First off, the temperature must be not to hot and not to cold. In other words, the planet must be in the Habitable zone also known as the “Goldilocks zone”. This is generally a pretty good sized swath of celestial real estate. In our own solar system, it extends from roughly the orbit of Venus to the orbit of Mars. But what makes Mars and Venus inhospitable and Earth relatively cozy is our atmosphere. Unlike Mars, it’s thick enough to keep much of the heat we receive from the sun, but not too much of it like Venus.
The atmosphere is crucial in other ways too. Obviously it’s what the intrepid explorers are going to be breathing. If there’s too much CO2, it’s not only going to trap too much heat, but make it hard to breathe. Also, CO2 doesn’t block UV light from the Sun and cancer rates would go up. So we need an oxygen rich atmosphere, but not too oxygen rich or there won’t be enough greenhouse gasses to keep the planet warm.
The problem here is that oxygen rich atmospheres just don’t exist without some assistance. Oxygen is actually very reactive. It likes to form bonds, making it unavailable to be free in the atmosphere like we want. It forms things like H2O, CO2, oxides, etc… This is why Mars and Venus have virtually no free oxygen in their atmospheres. What little they do comes from UV light striking the atmosphere and causing the bonded forms to disassociate, temporarily freeing the oxygen.
Earth only has as much free oxygen as it does because of photosynthesis. This gives us another criteria that we’ll need to determine habitability: the ability to produce photosynthesis.
So let’s start putting this all together.
Firstly, the evolution of the star as it leaves the main sequence, swelling up as it becomes a red giant and getting brighter and hotter will mean that the “Goldilocks zone” will be sweeping outwards. Planets that were formerly habitable like the Earth will be roasted if they aren’t entirely swallowed by the Sun as it grows. Instead, the habitable zone will be further out, more where Jupiter is now.

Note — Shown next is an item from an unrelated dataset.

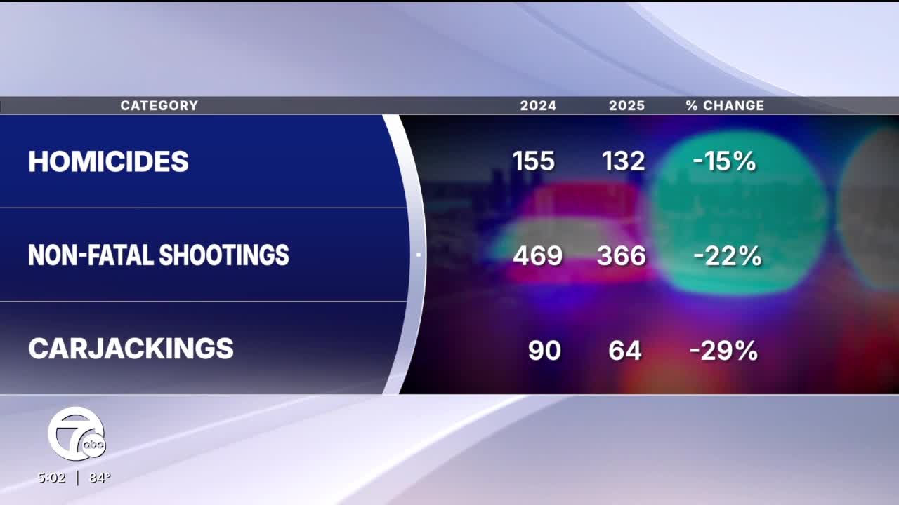 According to the latest numbers from the Detroit Police Department, there have been 133 homicides in the city of Detroit this year, down 15% from the same time period in 2024. There have also been 366 non-fatal shootings, which is 22% lower than the same time period in 2024 and 64 carjackings.

However, even if a planet were in this new habitable zone, this doesn’t mean its habitable under the condition that it also have an oxygen rich atmosphere. For that, we need to convert the atmosphere from an oxygen starved one, to an oxygen rich one via photosynthesis.

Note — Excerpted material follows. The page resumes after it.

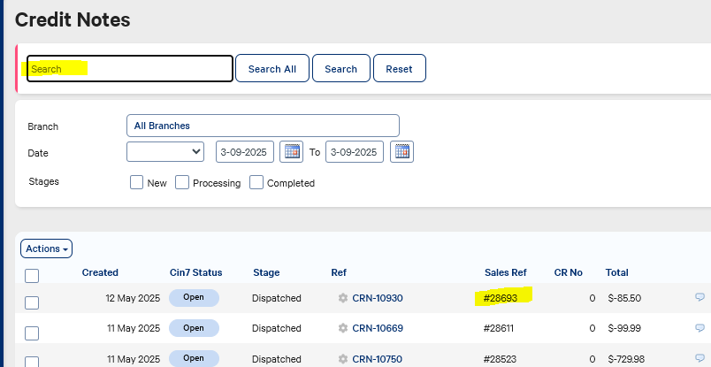 Add Sales Ref to Credit Note Search field options

So the question is how quickly can this occur? Too slow and the habitable zone may have already swept by or the star may have run out of hydrogen in the shell and started contracting again only to ignite helium fusion in the core, once again freezing the planet.
The only example we have so far is on our own planet. For the first three billion years of life, there was little free oxygen until photosynthetic organisms arose and started converting it to levels near that of today. However, this process took several hundred million years. While this could probably be increased by an order of magnitude to tens of millions of years with genetically engineered bacteria seeded on the planet, we still need to make sure the timescales will work out.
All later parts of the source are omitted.